Saturday, August 25, 2007

Residency coming to a close





Nearly a month has passed since I arrived in Provincetown at the lovely Sea Change Cottage. I am amazed how fast the time went. My Canadian friends left yesterday and a deafening silence decended where there was engaged conversations and happy chatter. We left each other with promises of a real wilderness trip next summer kayaking in the Queen Charlotte's, the ancestral land of the Haidas. This would fulfill A lifetime dream of mine to see where the totems once stood. Tony is familiar with the northern territories as his work with Native bands to preserve their land and mineral rights takes him north regularly.
Much planning was achieved on the World Wall addition. Tony and Tania will convene a group of Canadian advisers including First Nation people to determine the exact content of the Canadian addition to the mural wall. I will join them for those sessions in the north. After the conceptualization group has met, a small team of Canadian artists will work with the concepts to produce the final images for the wall. We at SPARC (the Social and Public Art Center) will ship the giant canvas and the paints to the site for painting either in Vancouver or Mayne Island for the months of production it will take to complete the mural. It will premiere with the additional nine panels from, Israel and Palestine, Russia, Finland, Mexico and the United States, in Vancouver in approximately a year. My collaborators and I spoke of many issues and had the luxury of sustained talks over breakfast, during walks and on the beach at sunset. How wonderful and creative the time was!

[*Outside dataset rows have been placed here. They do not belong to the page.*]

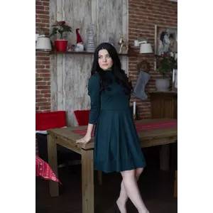 Платье Джоана выполнено из ткани трикотаж Lacosta высокого качества. Платье с длинным рукавом, длиной до колена, воротник стойка. Украшением служат золотистые пуговички, платье отрезное по линии талии. Лиф платья плотно облегает фигуру благодаря рельефам, которые также подчеркивают талию. Юбка клеш. Модель отлично тянется, что обеспечивает идеальную посадку на любую фигуру. Такое платье - беспроигрышный вариант для вечернего выхода.
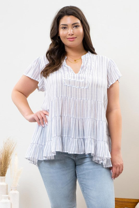 Plus Striped Tiered Top
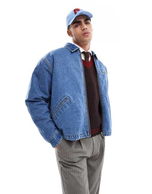 Bershka - Blå og quiltet denim-jakke med lynlås
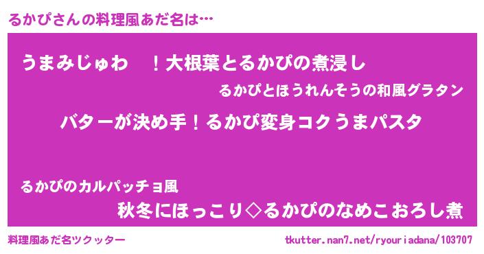 | ヘコむあだ名 | 『豆乳』『るかぴ(小並感)』『るかを』 |
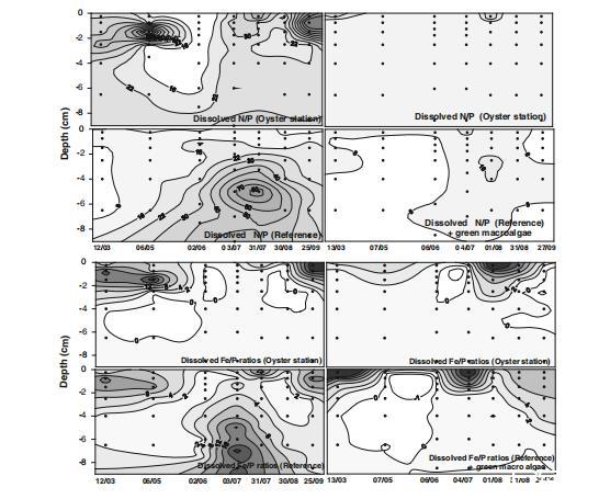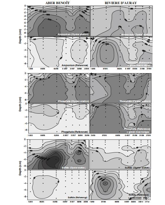 硫化物(HS?)濃度兩區域差異顯著(圖8)。阿伯貝努瓦河牡蠣點下方6月達4,475 μmol l?1(7 cm深度),8月達2,792 μmol l?1(4–7 cm深度),參考點<70 μmol l?1。奧雷河牡蠣點下方<500 μmol l?1,參考點5月達2,415 μmol l?1(4–5 cm深度)。水體中未檢出硫化物。
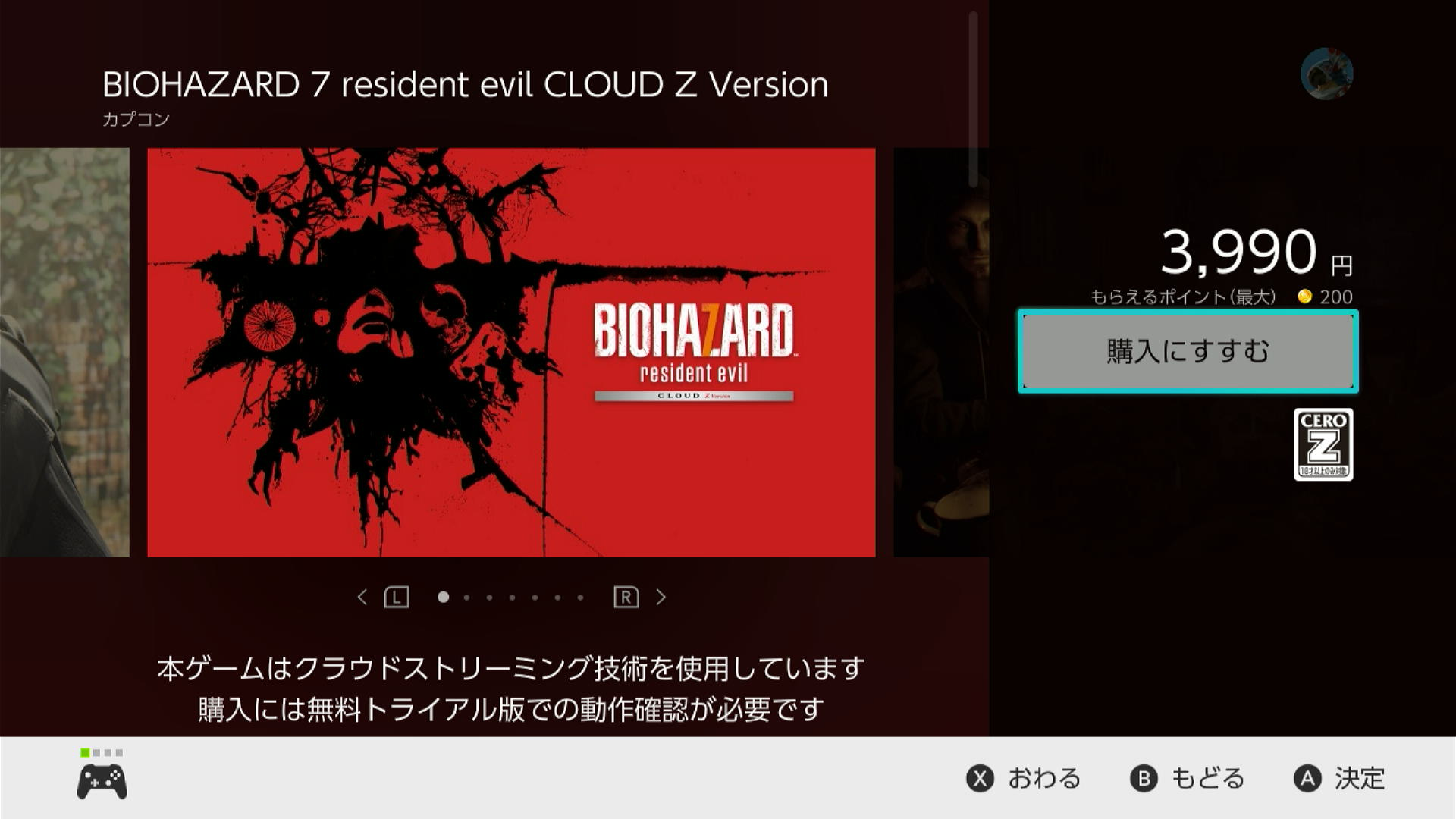 Esta edición de Resident Evil VII biohazard, que utiliza la tecnología basada en la nube, fue lanzada en Mayo de 2018 en Japón bajo dos versiones, cada una para las clasificaciones de edades CERO D y CERO Z, siendo el primero una versión moderadamente censurada. Para poder jugar al título, es necesaria una conexión permanente a internet.
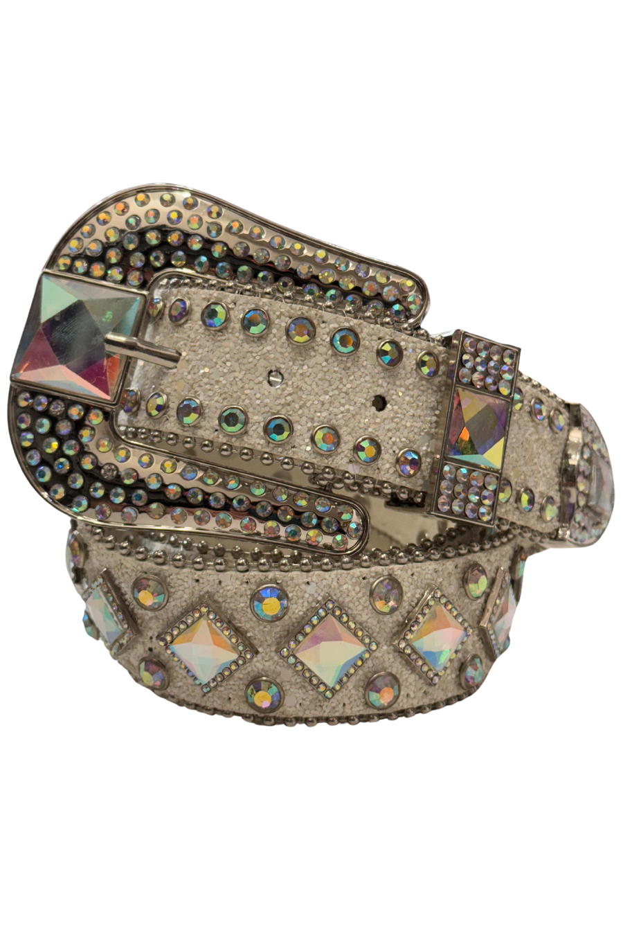 Cinto Moda Country Glitter Branco c/ Pedras Quadradas Texas Ranch Jeans.

On my own once again, I am working against time to finish what I set out to do here. The time here has had many affects but one important one is that I have found that my clenching teeth have subsided and once again I can hear my self think outside of Los Angeles demands.
My last three days will yield the completion of Dolores Huertas portrait and hopefully the second farmworkers image. The second image commemorates the abolishment of the dreaded "short Hoe". No " hoe" is not a "rap song" reference but a tool used to work the land that broke the backs of its users, the campesinos in the fields of California. It will turn to gold in my painting as it symbolizes the money it made for agri-business but conversely it also represents the sweet victory of it abolishment by the United Farmworkers activism. I will make not further entries to this blog as my residency will have ended and this was an exercise in recording my process. So when I return to my work in Los Angeles perhaps there will be a new blog on the Robert F. Kennedy production in the Ambassador Hotel which is becoming the new RFK learning Center in Los Angeles. I will be painting in the ballroom where he delivered his last speech minutes before he was killed. So thanks for looking in on my residency and for your emails.